I only have one question, if you changed your track bar mounting, and still have a bottom connection drag link setup, is your track bar parallel to your drag link?First. Yes, I've read a million threads, youtube videos, scrolls, articles, visited an ancient monk at the top of a mountain. Thought I had this handled and it's worse.
Tl;DR: Massive death wobble after replacing front steering parts
Short Description / symptoms:
- 35" RT tires w/ 2.5" front spacer lift ( comes with Shock spacer and longer sway bar links )

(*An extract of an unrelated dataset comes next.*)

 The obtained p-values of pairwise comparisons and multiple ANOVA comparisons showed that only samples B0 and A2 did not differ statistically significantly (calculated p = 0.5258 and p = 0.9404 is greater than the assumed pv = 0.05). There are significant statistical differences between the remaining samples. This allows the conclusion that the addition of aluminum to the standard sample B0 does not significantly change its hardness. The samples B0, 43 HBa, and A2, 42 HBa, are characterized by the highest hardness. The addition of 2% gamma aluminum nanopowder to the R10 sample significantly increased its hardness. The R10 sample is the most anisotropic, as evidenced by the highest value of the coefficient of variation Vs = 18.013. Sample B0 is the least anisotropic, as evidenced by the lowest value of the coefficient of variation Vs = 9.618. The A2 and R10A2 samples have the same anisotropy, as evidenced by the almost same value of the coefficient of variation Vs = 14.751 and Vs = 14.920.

- Minor wobble at freeway speeds slowly was getting worse
- The front passenger tire developed really bad tire wear, the rest looked ok. I did rotate them
-Developed a clunk in the steering when turning
- when I would turn the wheel from left to right you could tell something wasn't right, there was a slight hesitation/binding as you would turn the wheel. I got under it and couldn't see any issue.

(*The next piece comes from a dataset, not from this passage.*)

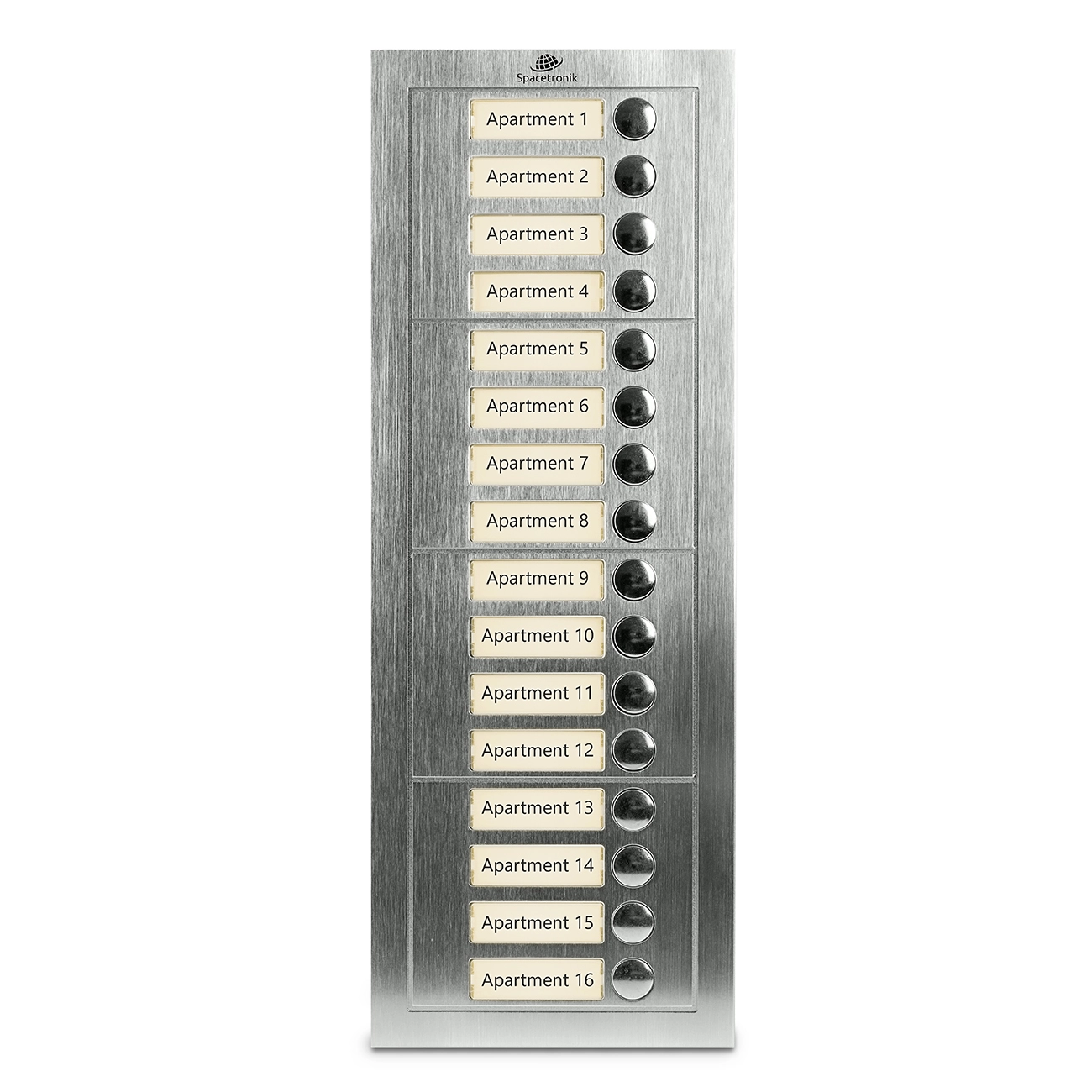 Dodatkowy panel szesnastorodzinny do rozbudowy systemu Spacetronik DiO. Panel wyróżnia się estetycznie wykonaną wandaloodporną obudową ze stopu aluminium, w którą wkomponowane zostały podświetlane szyldy. Podświetlenie nocne LED pozwala na komfortowe korzystanie z urządzenia w warunkach niedostatecznej widoczności.

- At low speed, parking lots speeds the amount of force to turn the wheel left vs right was pretty different. On the freeway I couldn't tell difference. but it would wonder a little
- After reading up I learned stock end links are made of wet paper and moon dust
- Ordered Steer Smarts Yeti XL drag link and Tie Rod. RSO traction bar
Replaced all the below mentioned items and things went from bad to worse. Took it out for a test drive and death wobble nearly turned literal. The wobble started at about 35 and got so bad the car started moving into the other lane! I have to slam on the brakes, thankfully no other cars were near me.
Bought and replaced:
---- Drag Link
---- Tie Rod
---- Traction bar (because of the 2.5 front lift)
---- Mopar 2.5" lower control arms (because of the 2.5 front lift)
---- steering damper ( not currently installed )
Torqued:
- Yes everything has been torqued to spec or slightly above it, twice. Once I had everything together and torqued I torqued everything again.
- everything was tightened and torqued at resting height resting on the axle or wheels.
Toe and Alignment:
- I adjusted the Toe as straight as I can get it before I went for a test drive, I wanted everything to settle before adjusting it again. Was going to try to get it within that "1/8"" toe in mark and get it aligned later
Description after installing all parts:
First round I installed only the drag link. Didn't fix the issue and the tie rod didn't show up in time. This week I installed the tie rod and traction bar. Adjusted the toe to as close to zero as I could and went for a test drive. Overall if seems better a low speed, the above mentioned low speed symptoms seemed to be gone. But as I sped up the wobble started and got worse and worse to a very uncontrollable level. Now, because of poor description for a product I don't have the steering damper installed it's possible it was calming the symptoms I was getting before.
Now, I'm thinking three things:
- Steering box as left the building ( when the wobble got REALLY bad it wasn't trying to rip the wheel out of my hands, but you could certainly feel it in the wheel )
- Ball joints are shot ( strong contender but since the low speed symptoms are gone it has me questioning if this is the issue )
- Wheels are so unbalanced and the toe is far out it's making things worse. I have no idea what the toe was at before replacing parts.
Looking for feedback on this.
Thank you
I only have one question, if you changed your track bar mounting, and still have a bottom connection drag link setup, is your track bar parallel to your drag link?
Some people have relocated their track bar mount on the axle side, and left the drag link on bottom. That takes them out of parallel and can create death wobble. Sounds like yours is parallel though.Not sure what you are getting at here. I changed the track bar, not the mounting. I changed the stabilizer mount. I didn't do a top mount because I only have a 2.5 lift in the front. Every website says 4+ to go to top mount.
I know there is a correction bracket as well, but from what I could tell it's not needed with a 2.5.